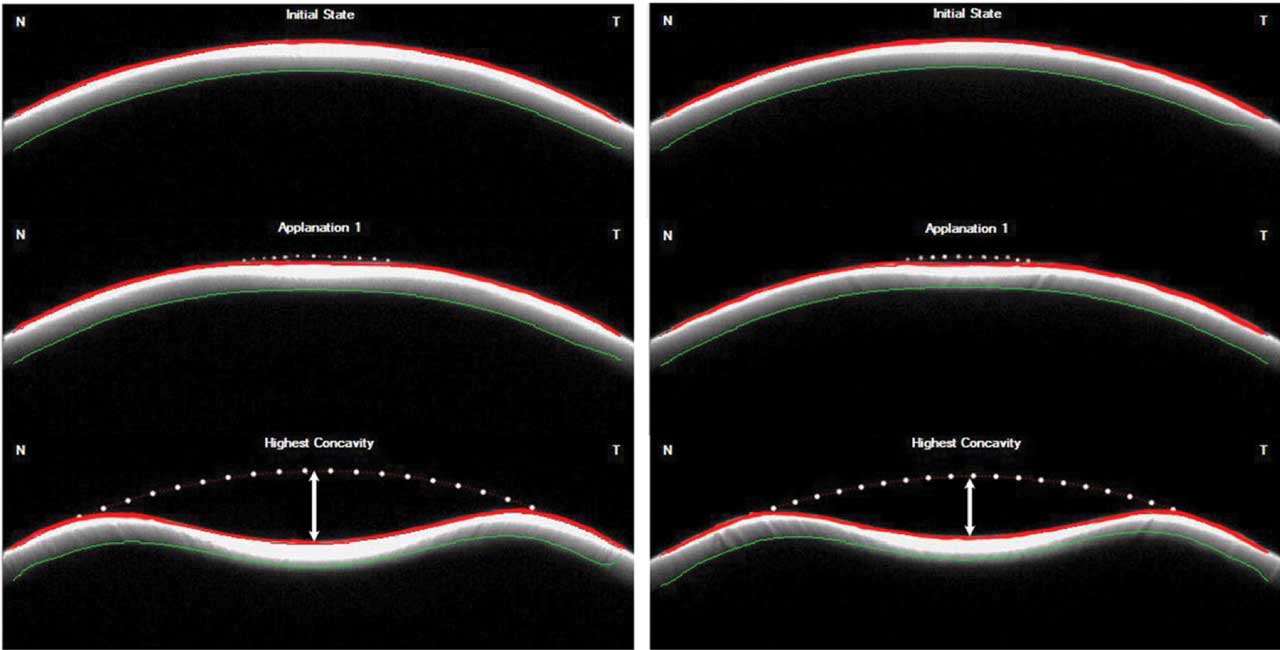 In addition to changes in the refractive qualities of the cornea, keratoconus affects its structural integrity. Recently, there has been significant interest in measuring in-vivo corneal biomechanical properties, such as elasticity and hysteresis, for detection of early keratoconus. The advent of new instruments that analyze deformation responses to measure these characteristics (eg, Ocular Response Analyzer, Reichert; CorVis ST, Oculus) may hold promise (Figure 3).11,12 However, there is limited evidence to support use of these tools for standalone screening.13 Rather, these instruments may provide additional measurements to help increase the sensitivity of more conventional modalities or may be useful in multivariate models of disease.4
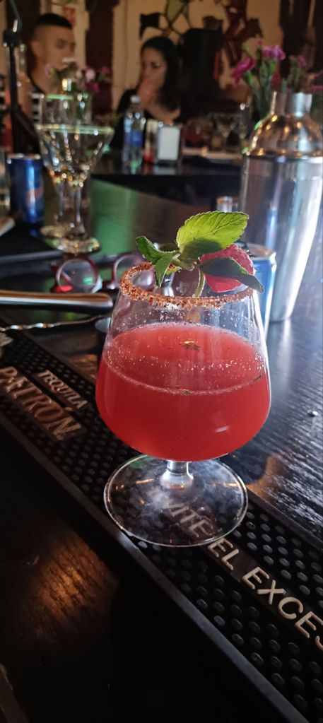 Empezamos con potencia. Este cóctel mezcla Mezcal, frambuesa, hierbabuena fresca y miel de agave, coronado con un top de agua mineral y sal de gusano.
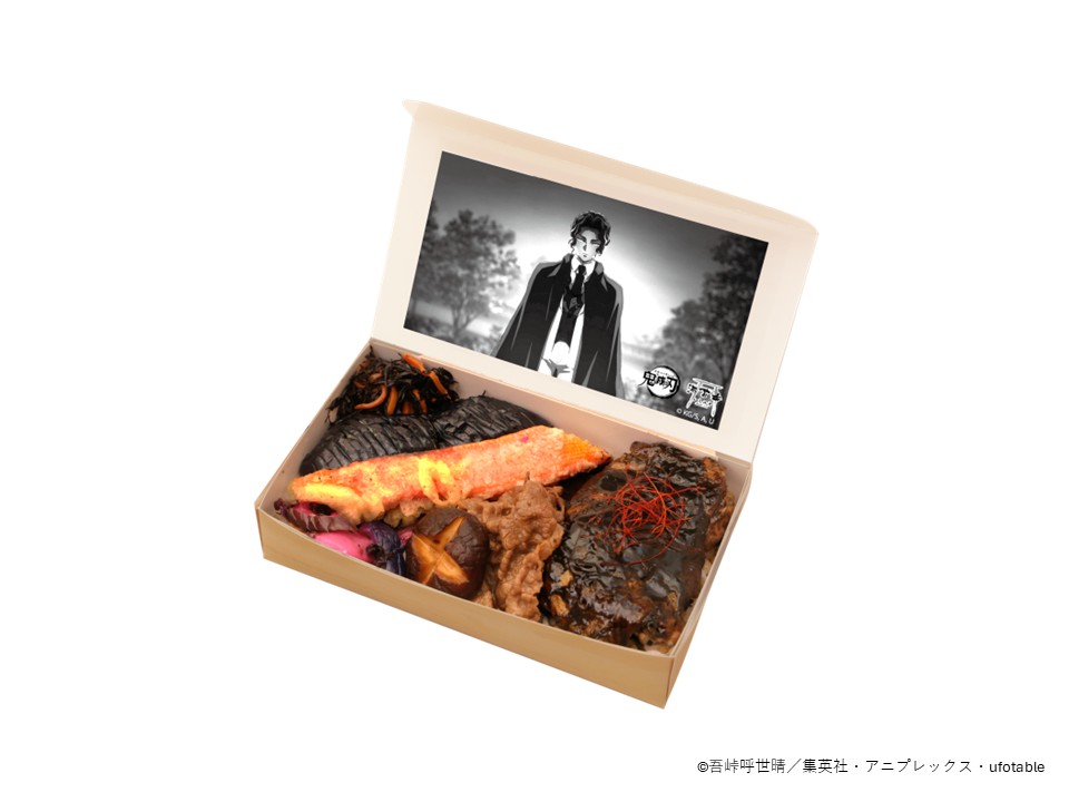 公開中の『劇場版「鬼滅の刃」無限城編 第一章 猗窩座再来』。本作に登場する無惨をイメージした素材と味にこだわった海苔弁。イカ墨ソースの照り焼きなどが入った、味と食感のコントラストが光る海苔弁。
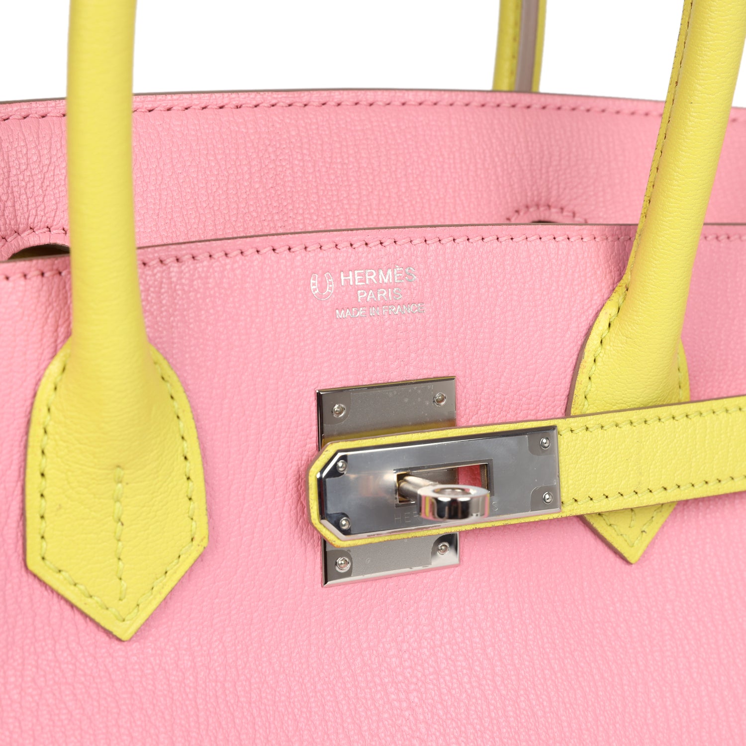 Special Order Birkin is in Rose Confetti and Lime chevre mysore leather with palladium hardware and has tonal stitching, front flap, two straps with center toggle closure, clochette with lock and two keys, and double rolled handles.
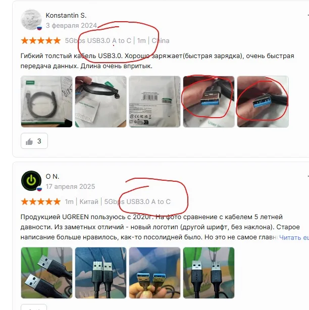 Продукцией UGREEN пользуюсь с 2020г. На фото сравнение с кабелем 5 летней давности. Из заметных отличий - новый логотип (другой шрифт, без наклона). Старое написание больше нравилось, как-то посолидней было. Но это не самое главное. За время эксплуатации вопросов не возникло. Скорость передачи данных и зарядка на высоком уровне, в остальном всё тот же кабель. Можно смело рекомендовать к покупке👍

▶ [TASK OBJECTIVE]:
The listing above should be repeated word for word, with every image left out.

▶ [EXPECTED ANSWER]:
 In addition to changes in the refractive qualities of the cornea, keratoconus affects its structural integrity. Recently, there has been significant interest in measuring in-vivo corneal biomechanical properties, such as elasticity and hysteresis, for detection of early keratoconus. The advent of new instruments that analyze deformation responses to measure these characteristics (eg, Ocular Response Analyzer, Reichert; CorVis ST, Oculus) may hold promise (Figure 3).11,12 However, there is limited evidence to support use of these tools for standalone screening.13 Rather, these instruments may provide additional measurements to help increase the sensitivity of more conventional modalities or may be useful in multivariate models of disease.4
 Empezamos con potencia. Este cóctel mezcla Mezcal, frambuesa, hierbabuena fresca y miel de agave, coronado con un top de agua mineral y sal de gusano.
 公開中の『劇場版「鬼滅の刃」無限城編 第一章 猗窩座再来』。本作に登場する無惨をイメージした素材と味にこだわった海苔弁。イカ墨ソースの照り焼きなどが入った、味と食感のコントラストが光る海苔弁。
 Special Order Birkin is in Rose Confetti and Lime chevre mysore leather with palladium hardware and has tonal stitching, front flap, two straps with center toggle closure, clochette with lock and two keys, and double rolled handles.
 Продукцией UGREEN пользуюсь с 2020г. На фото сравнение с кабелем 5 летней давности. Из заметных отличий - новый логотип (другой шрифт, без наклона). Старое написание больше нравилось, как-то посолидней было. Но это не самое главное. За время эксплуатации вопросов не возникло. Скорость передачи данных и зарядка на высоком уровне, в остальном всё тот же кабель. Можно смело рекомендовать к покупке👍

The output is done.